Redis is precise to recalculate - roar bitmap

If you want to count the reading amount of an article, you can directly use Redis INCR command to complete. If you require that the number of reads must be de-read by user, then you can use a set to record all user ids that read the article. The length of the set is de-read. However, if popular articles are read too much, set will waste too much storage space. At this time, we need to use the HyperLogLog data structure provided by Redis to replace SET, which will only occupy up to 12K of storage space to complete massive de-statistics. But it sacrifices accuracy. It is fuzzy counting, with an error rate of about 0.81%.
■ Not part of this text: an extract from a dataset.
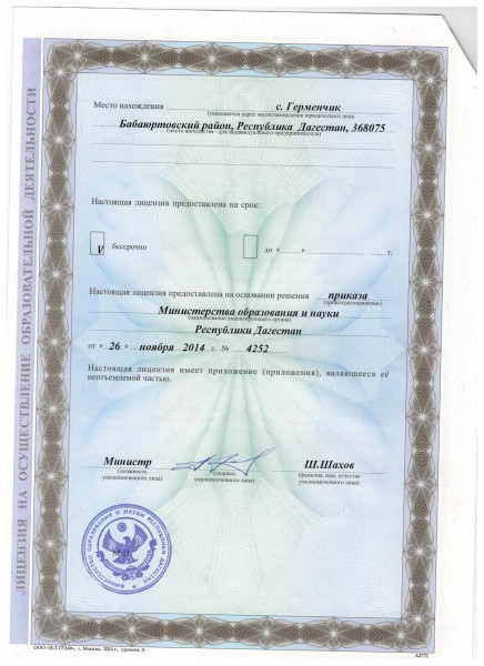 Адрес местонахождения образовательной организации* 368075, Республика Дагестан, Бабаюртовский район, с.Герменчик, ул. Исмаилова, д. 49.

So is there an exact way to count that doesn’t waste a lot of space? The first thing that comes to mind is bitmaps, where you can use one bit of a bitmap to represent a user ID. If a user ID is 32 bytes, the exact count can be done using a bitmap using 1/256 of the space. But how do you map the user ID to the position on the map? This is fine if the user ids are consecutive integers, but in general the user system’s user ids are not integers, but strings or large integers with some randomness.

We can force a sequence of integers for each user ID, and then store the mapping between user ids and integers in Redis.
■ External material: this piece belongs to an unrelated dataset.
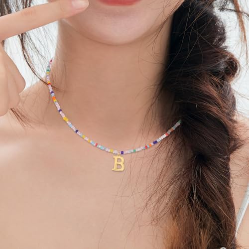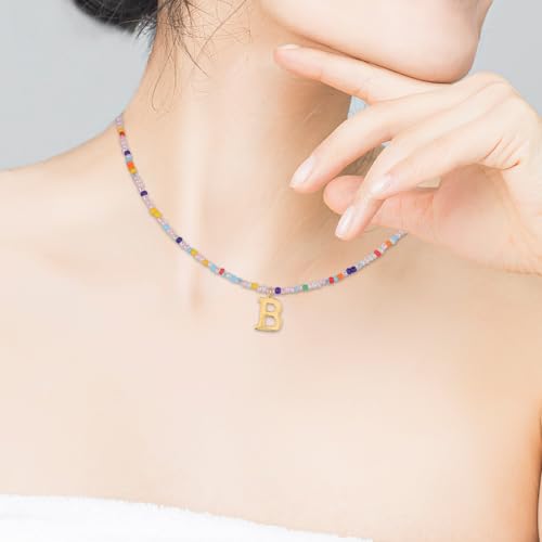 for Women Girls Letter PendantSummer Necklaces, Bohemian Beaded Necklace Colorful Beaded Initial Necklace Handmade Jewelry Gifts for Teens(B)

$next_user_id = incr user_id_seq
set user_id_xxx   $next_user_id
$next_user_id = incr user_id_seq
set user_id_yyy  $next_user_id
$next_user_id = incr user_id_seq
set user_id_zzz   $next_user_id
Copy the code

So, you might say, well, you’re saving space by storing the mapping between the user ID and the integer. This is a good question, but at the same time, we should also see that this mapping can be reused, it can count all the articles read, it can count the daily and monthly activity of the check-in users, and it can be used in many other statistical situations that require users to de-weight. This is the meaning of the saying, “achievements in the present and benefits in the future”.
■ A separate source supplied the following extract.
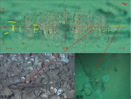 沉船遺址水深約30米,主體區(qū)域殘存有木質(zhì)船體和成摞擺放的船貨堆積,范圍約300平方米??脊虐l(fā)掘發(fā)現(xiàn),沉船船體殘長約16.95米,最寬處保存約4.5米,殘存9道隔艙板和10個船艙,單層板結構,發(fā)現(xiàn)桅座、龍骨板、龍骨補強材以及舭龍骨等船體構件。

With this mapping, we can easily construct a bitmap for each article read. For each user, the corresponding position in the bitmap will be one. If the bit changes from 0 to 1, you can add 1 to the reading number. This can be very convenient to obtain the number of articles read.

And we can dynamically calculate how many public users have read two articles? Perform an AND calculation on the two bitmaps, AND then count the number of bits 1 in the bitmap. Also, there can be OR calculation, XOR calculation and so on are feasible.

Here we go again! Redis bitmap is a dense bitmap. If you have a large bitmap with only the last bit being a 1 and all the other bits being zeros, the bitmap will still take up all of the memory, which is not normally wasteful. As you can imagine, most of the articles aren’t read very much, but the amount of space they take up is pretty similar to the amount of memory that popular articles take up.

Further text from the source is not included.